Demo 5: Running an MCMC analysis of supernova data
In this example we will run a full MCMC analysis on data from the SDSS-II/SNLS3 Joint Light-curve Analysis (JLA). See http://arxiv.org/abs/1401.4064 for more details about this data.
Run the sampler EITHER like this:
OR if you are feeling adventurous and have MPI set up:
mpirun -n 4 cosmosis --mpi demos/demo5.ini
This will take a few minutes to run, depending on your machine. On a Mac you may be asked if python 2.7 should accept incoming network connections - click Allow. You should produce a file demo5.txt with 25600 samples:
#cosmological_parameters--omega_m cosmological_parameters--h0 supernova_params--deltam supernova_params--alpha supernova_params--beta LIKE # ... [SNIP - all the parameters you ran with are saved here, along with other info like who to cite] 0.375349838504 0.543069181465 0.328431291151 0.124554370328 3.28955217497 -2227.10121001 0.277715836563 0.81440479776 6.95767929396 0.152362132558 8.60894281101 -27083.8222028 0.396752581802 0.664902793534 1.88367270414 0.127254401707 4.48364725723 -8182.54328716 0.215070227128 0.762109999036 5.29185049673 0.139453531438 6.46507792112 -26799.1925617 0.214404110344 0.781725633573 2.1142025756 0.141179467329 8.25565740506 -3161.17547089 # ...
(N.B. The actual numbers you get will be different to the above because it is a random process.) Now let's generate some plots to visualize the chain:
postprocess --burn 5000 -o plots -p demo5 demos/demo5.ini
./cosmosis/plotting/marginal_densities.r -b 10000 -o plots/ demo5.txt -p demo5 --verbose --fill
Note that the R script produces plots similar to those of the Python script, but does not yet produce textual statistical summaries.

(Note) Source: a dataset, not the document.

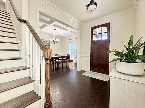 This elegant home offers a fully fenced backyard and a spacious covered porch, perfect for outdoor entertaining. Enjoy formal gatherings in the stunning dining room with a coffered ceiling, and relax in the inviting living room with a cozy fireplace. The main -level primary suite provides comfort and privacy, while four additional bedrooms and an upstairs loft offer flexibility for quests, work or play. Updates : New HVAC(2019), Exterior paint (2020), New fence (2020),New roof (2021), updated hardwood flooring in all rooms (2021)
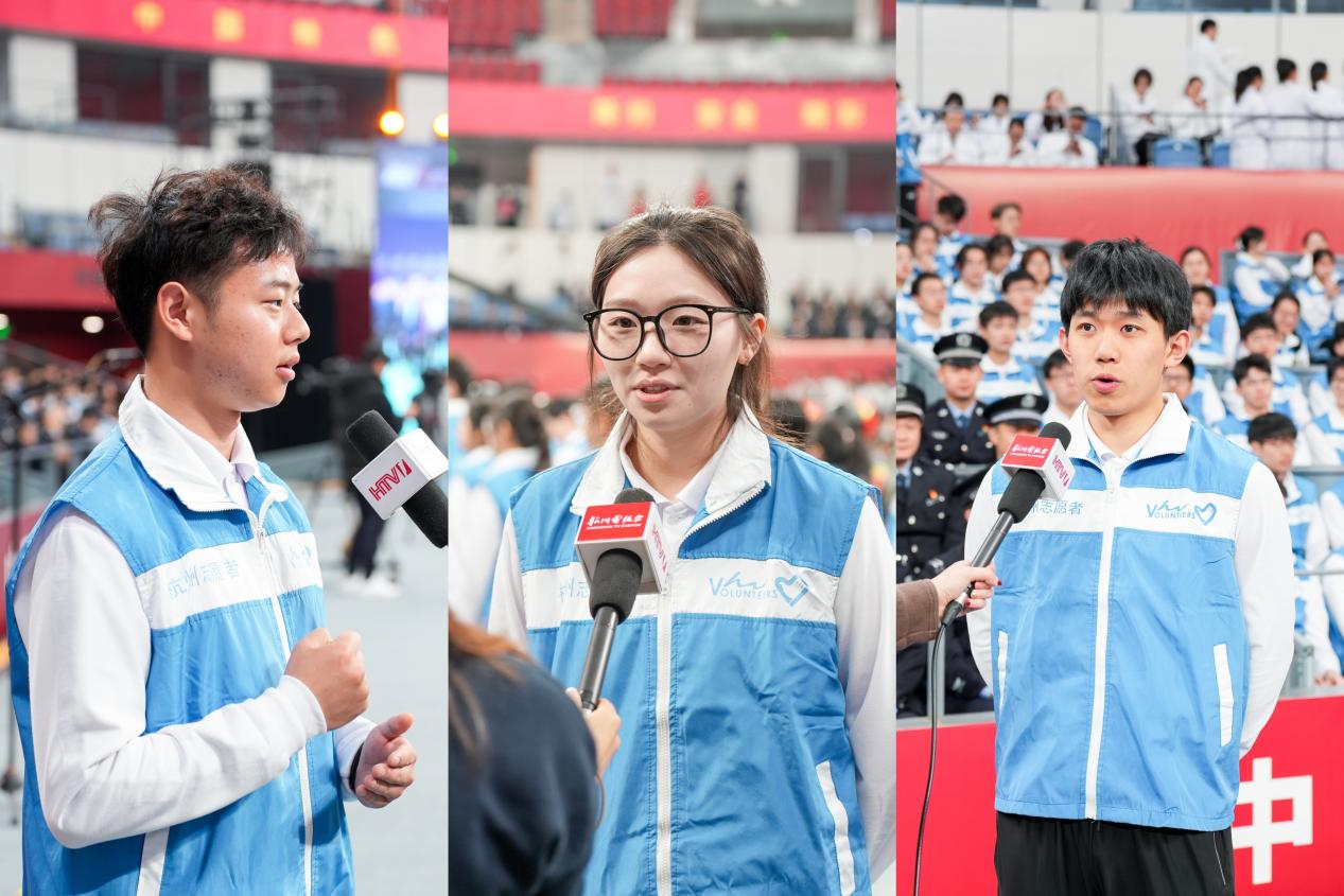 预录用赛会志愿者,电子信息学院丁彦凯、周景川同学,经济学院王小堂同学在誓师动员大会现场分别接受了杭州电视台、钱江频道等媒体记者的采访。同学们纷纷表示:能参与杭州亚运会、亚残运会的赛会志愿服务,不仅是一次难得的机会,更是一种对自己的挑战和锻炼,誓师大会让我们感受到了杭州为举办亚运作出的全方位努力,这让我们热血沸腾。我们一定会认真参加各类培训演练,努力提高自己的专业素养,用最专业周到的志愿服务,最好的精神面貌去迎接各方朋友,展现杭电魅力!

You will get output which will include summary information like this:
Samples after cutting: 20600 Marginalized mean, std-dev: cosmological_parameters--omega_m = 0.29728 ± 0.0328477 cosmological_parameters--h0 = 0.738122 ± 0.0249374 supernova_params--deltam = 0.040323 ± 0.0768359 supernova_params--alpha = 0.137666 ± 0.00633048 supernova_params--beta = 3.10945 ± 0.0814108 like = -345.562 ± 1.55596 Marginalized median, std-dev: cosmological_parameters--omega_m = 0.296391 ± 0.0328477 cosmological_parameters--h0 = 0.73781 ± 0.0249374 supernova_params--deltam = 0.0412422 ± 0.0768359 supernova_params--alpha = 0.137889 ± 0.00633048 supernova_params--beta = 3.10694 ± 0.0814108 like = -345.255 ± 1.55596 Best likelihood: cosmological_parameters--omega_m = 0.292377 cosmological_parameters--h0 = 0.734679 supernova_params--deltam = 0.0270577 supernova_params--alpha = 0.137495 supernova_params--beta = 3.09374 like = -343.068
Also the plots directory should also now contain a collection of 1D and 2D histogram plots in pleasant shades of blue, like this one:
You should also find some files with the statistics above saved in a more structured form.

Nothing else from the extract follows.